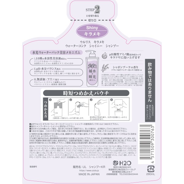 울리스 키라메키 워터 콘크 샤이니 샴푸 리필 280mL > 울리스
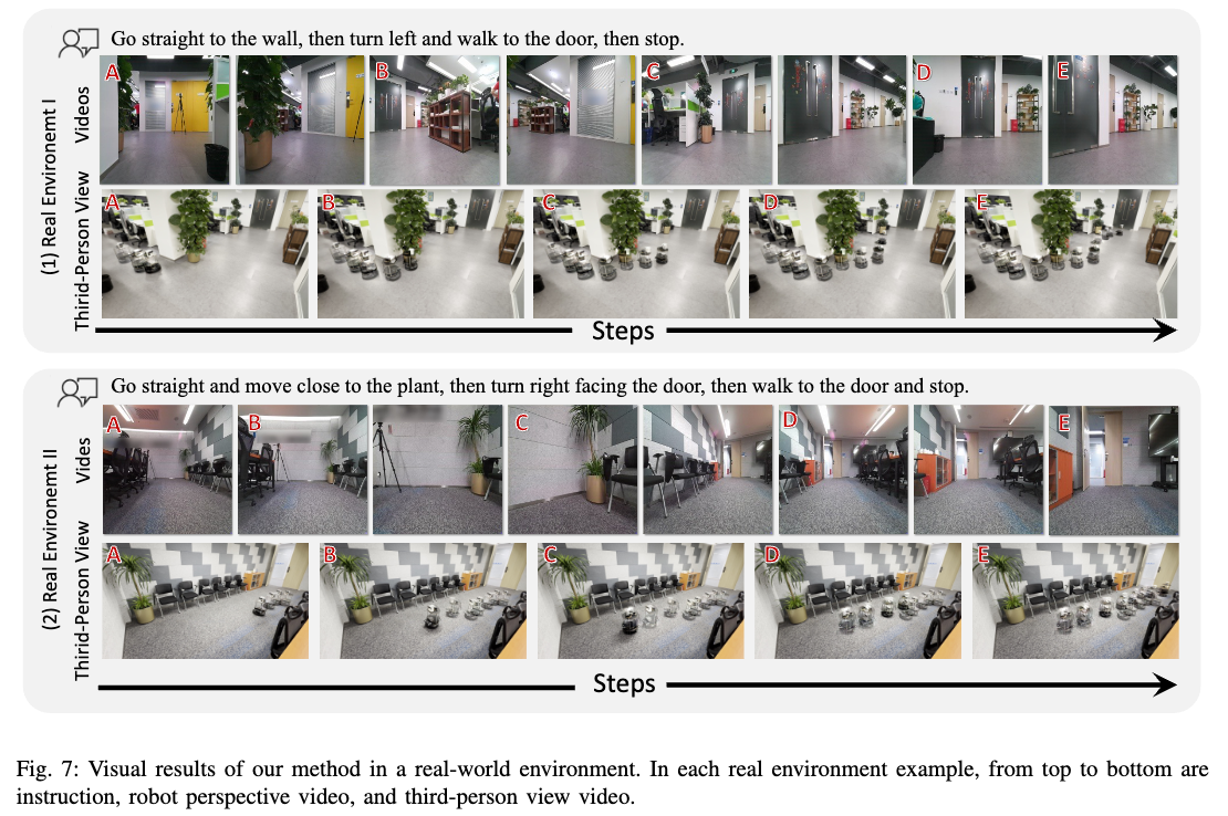 - 在真实世界环境中,NaVid 展现出良好的泛化能力,能够完成复杂的 VLN 任务。
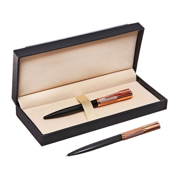 Ручка подарочная шариковая в кожзам футляре поворотная ПБ корпус черный/золото
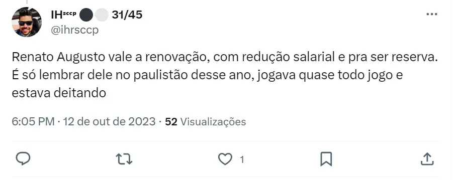 No programa Os Donos da Bola, do Rio Grande do Sul, o jornalista Alexandre Mota disse que o meia Renato Augusto pode estar de saída do Corinthians para atuar em Porto Alegre em 2024: “A informação que vem de São Paulo é que Renato Augusto vai jogar no Grêmio ou no Inter ano que vem! Que ele estaria vindo para o Sul”, disse o comunicador nesta quarta-feira (18).
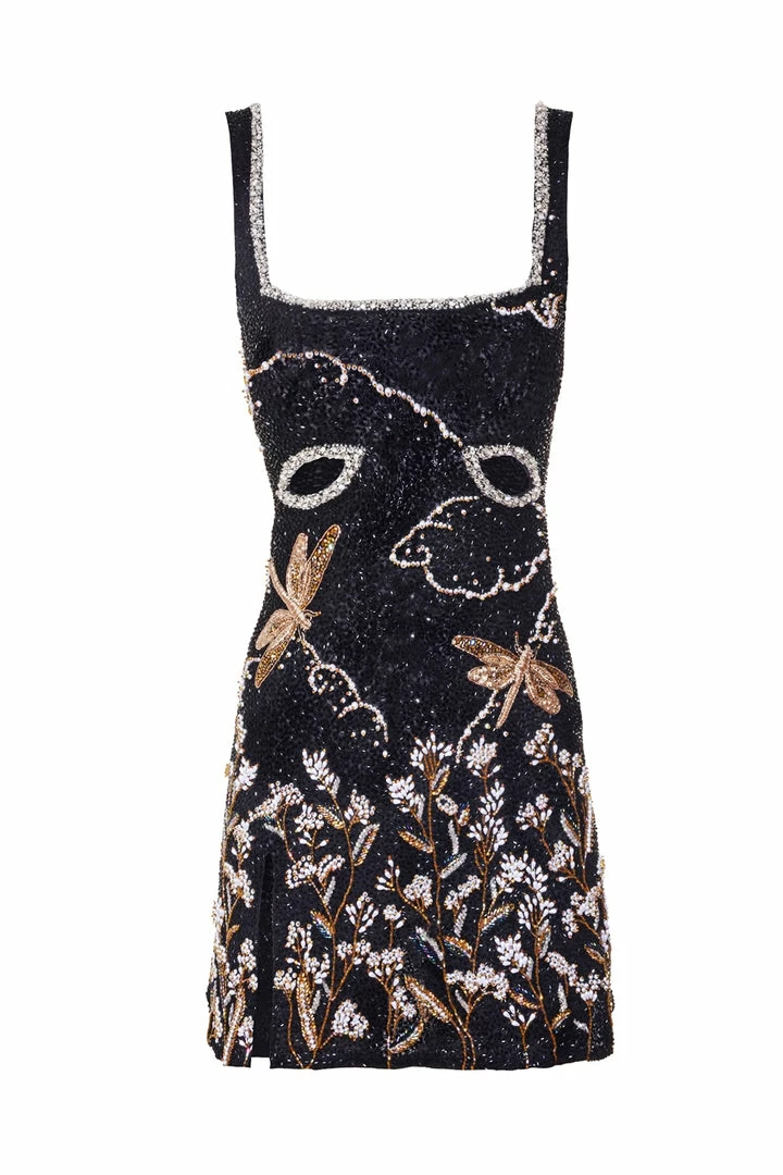Dancing Dragonfly takes you on a flight through the night with golden beaded dragonflies zipping through the garden. The bottom demonstrates blossoming tall stemmed flowers catching the light of the moon. The dress exhibits two slight slits at the ribs that are then further embellished with white and silver crystal and beads.Â
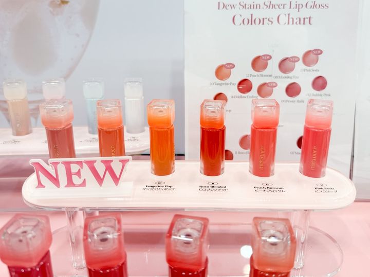 milktouchのブースで見つけたのは、水滴のような透き通ったプルプル感が魅力の「デューステインシアーリップグロス」。長時間続く塗りたてのツヤと発色、高保湿なのにベタつかない軽いつけ心地が人気のリップグロスから、春のムードをまとった新色が登場しました。
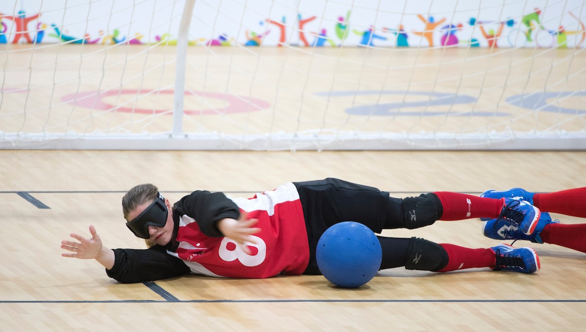 There are two teams, each made up of three players on the court at a time. Athletes roll balls that have bells inside, trying to get the ball into the opposing team’s net. All athletes guard the net and dive to protect the ball from entering the goal. The team with the most goals wins the game.
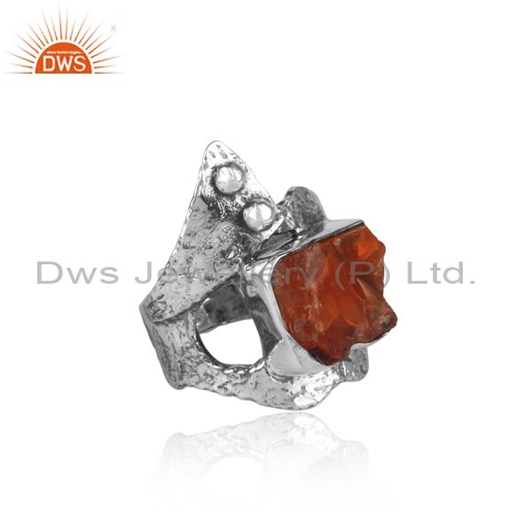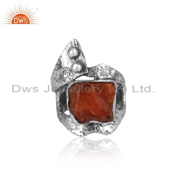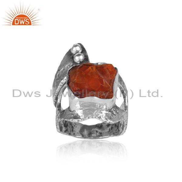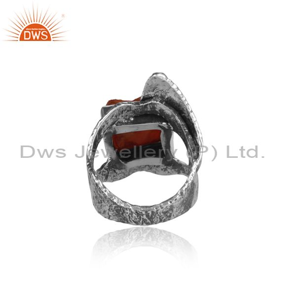 Rough Cut Carnelian Set Oxidized 925 Silver Abstract Ring

————

■ **DIRECTIONS FOR THIS TASK**:
Please give back every line above exactly as it stands, without pictures.

■ **SOLUTION**:
 울리스 키라메키 워터 콘크 샤이니 샴푸 리필 280mL > 울리스
 - 在真实世界环境中,NaVid 展现出良好的泛化能力,能够完成复杂的 VLN 任务。
 Ручка подарочная шариковая в кожзам футляре поворотная ПБ корпус черный/золото
 No programa Os Donos da Bola, do Rio Grande do Sul, o jornalista Alexandre Mota disse que o meia Renato Augusto pode estar de saída do Corinthians para atuar em Porto Alegre em 2024: “A informação que vem de São Paulo é que Renato Augusto vai jogar no Grêmio ou no Inter ano que vem! Que ele estaria vindo para o Sul”, disse o comunicador nesta quarta-feira (18).
Dancing Dragonfly takes you on a flight through the night with golden beaded dragonflies zipping through the garden. The bottom demonstrates blossoming tall stemmed flowers catching the light of the moon. The dress exhibits two slight slits at the ribs that are then further embellished with white and silver crystal and beads.Â
 milktouchのブースで見つけたのは、水滴のような透き通ったプルプル感が魅力の「デューステインシアーリップグロス」。長時間続く塗りたてのツヤと発色、高保湿なのにベタつかない軽いつけ心地が人気のリップグロスから、春のムードをまとった新色が登場しました。
 There are two teams, each made up of three players on the court at a time. Athletes roll balls that have bells inside, trying to get the ball into the opposing team’s net. All athletes guard the net and dive to protect the ball from entering the goal. The team with the most goals wins the game.
 Rough Cut Carnelian Set Oxidized 925 Silver Abstract Ring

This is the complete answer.